Design and implement a data structure for Least Recently Used (LRU) cache. It should support the following operations: get and put.

get(key) - Get the value (will always be positive) of the key if the key exists in the cache, otherwise return -1. put(key, value) - Set or insert the value if the key is not already present. When the cache reached its capacity, it should invalidate the least recently used item before inserting a new item.

The cache is initialized with a positive capacity.

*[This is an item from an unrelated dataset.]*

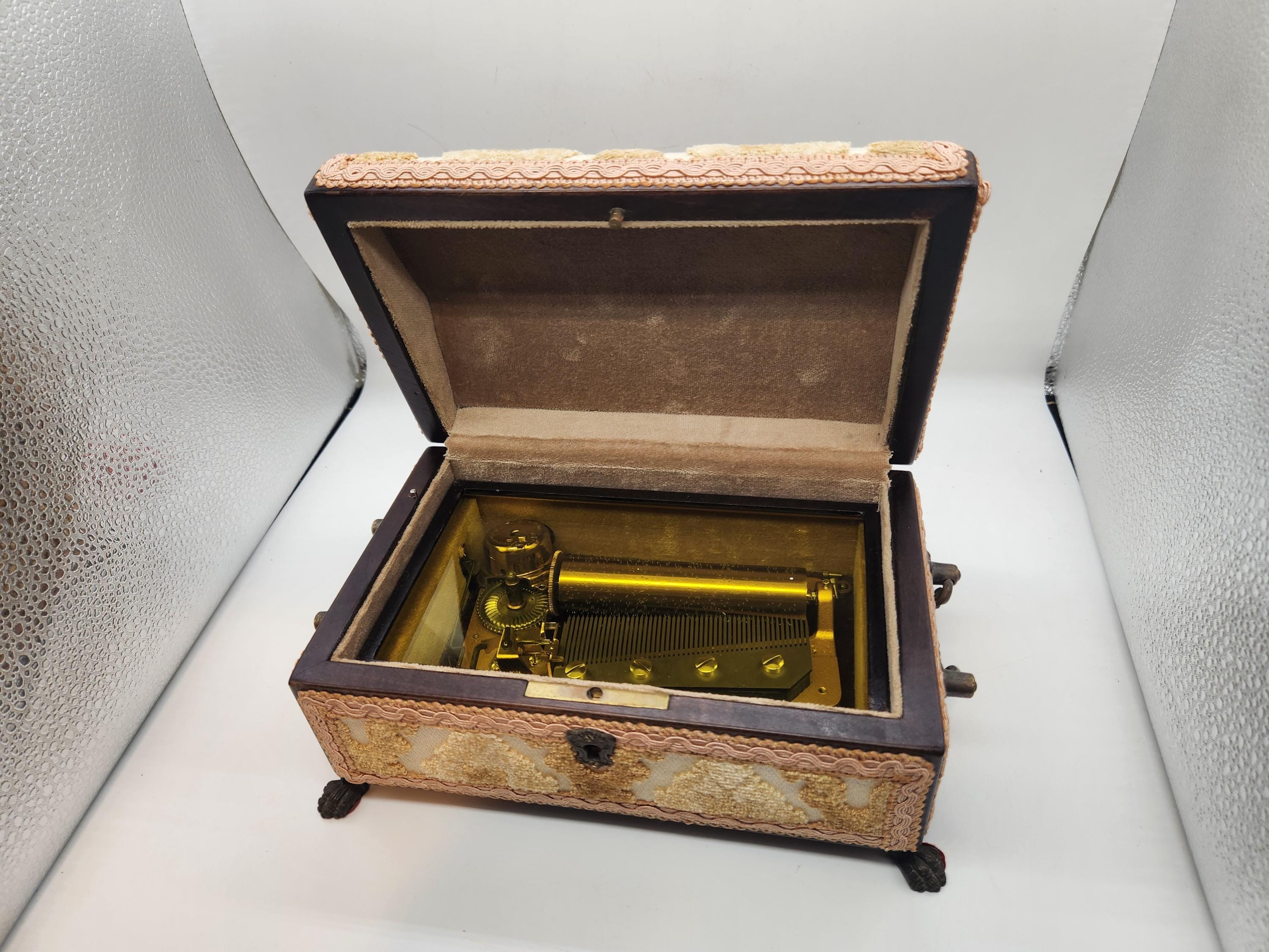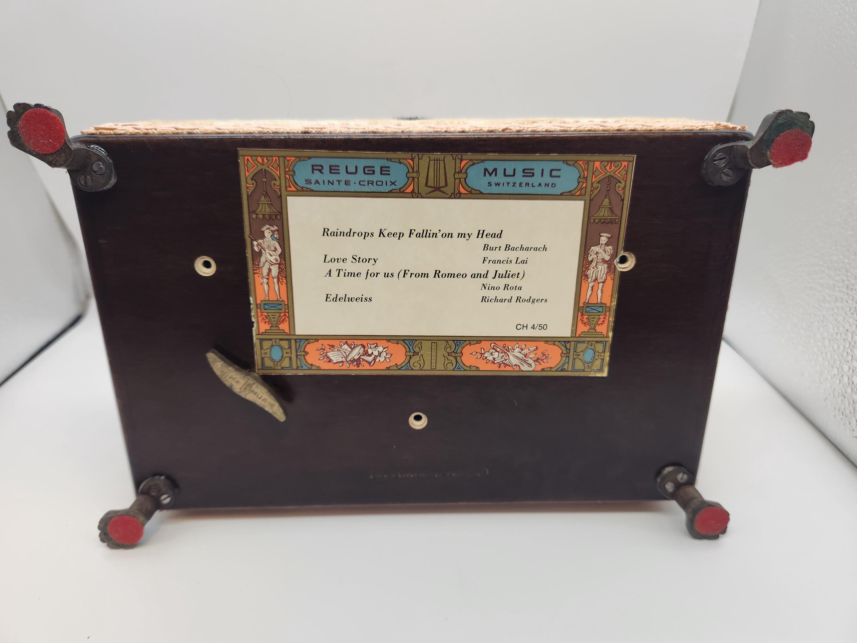For Parts or Repair: Reuge Swiss Saint-Croix CH 4/50 4 Song Wooden Music Box - All parts and screws present, Mechanism is loose and in pieces behind the glass in box, Unknown working condition, for parts or repair, nice decorative cloth wooden box. 8" x 5" x 4", Decorative feet and handles. Very expensive music box in working condition! Has original key with tassle. Plays 4 songs: Raindrops Keep Fallin' On My Head (Burt Bacharach), Love Story (Francis Lai), A Time For Us (From Romeo and Juliet) (Nino Rota), and Edelweiss (Richard Rogers).

Follow up: Could you do both operations in O(1) time complexity?

Example:

LRUCache cache = new LRUCache( 2 /* capacity */ );

cache.put(1, 1); cache.put(2, 2); cache.get(1); // returns 1 cache.put(3, 3); // evicts key 2 cache.get(2); // returns -1 (not found) cache.put(4, 4); // evicts key 1 cache.get(1); // returns -1 (not found) cache.get(3); // returns 3 cache.get(4); // returns 4

Solution

### Linked List + HashMap:
 
class LinkedNode:
    
    def __init__(self, key = None, value = None, next = None):
        self.key = key
        self.value = value
        self.next = next
        
 
 
class LRUCache:
 
    def __init__(self, capacity: int):
        self.key_to_prev = {}
        
        self.dummy = LinkedNode()
        self.tail = self.dummy
        self.capacity = capacity
        
    def push_back(self, node):
        self.key_to_prev[node.key] = self.tail
        self.tail.next = node
        self.tail = node
    
    def pop_front(self):
        
        head = self.dummy.next
        del self.key_to_prev[head.key]
        self.dummy.next = head.next
        self.key_to_prev[head.next.key] = self.dummy
        
    def kick(self, prev):
        node = prev.next
        if node == self.tail:
            return
        
        prev.next = node.next
        self.key_to_prev[node.next.key] = prev
        node.next = None
        
        self.push_back(node)
        
 
    def get(self, key: int) -> int:
        if key not in self.key_to_prev:
            return -1
        
        prev = self.key_to_prev[key]
        current = prev.next
        self.kick(prev)
        return current.value
    
        
        
 
    def put(self, key: int, value: int) -> None:
        if key in self.key_to_prev:
            self.kick(self.key_to_prev[key])
            self.key_to_prev[key].next.value = value
            return 
        
        self.push_back(LinkedNode(key, value))
        if len(self.key_to_prev)>self.capacity:
            self.pop_front()
 
 
# Your LRUCache object will be instantiated and called as such:
# obj = LRUCache(capacity)
# param_1 = obj.get(key)
# obj.put(key,value)
 
 
### 简单版:
class LRUCache:
    def __init__(self, capacity: int):
        self.capacity = capacity
        self.cache = collections.OrderedDict()
    def get(self, key: int) -> int:
        if key not in self.cache:
            return -1
        val = self.cache[key]
        del self.cache[key]
        self.cache[key] = val
        return val
    def put(self, key: int, value: int) -> None:
        if key in self.cache:
            self.get(key)
            self.cache[key] = value
            return
        self.cache[key] = value
        if len(self.cache) > self.capacity:
            self.cache.popitem(last = False)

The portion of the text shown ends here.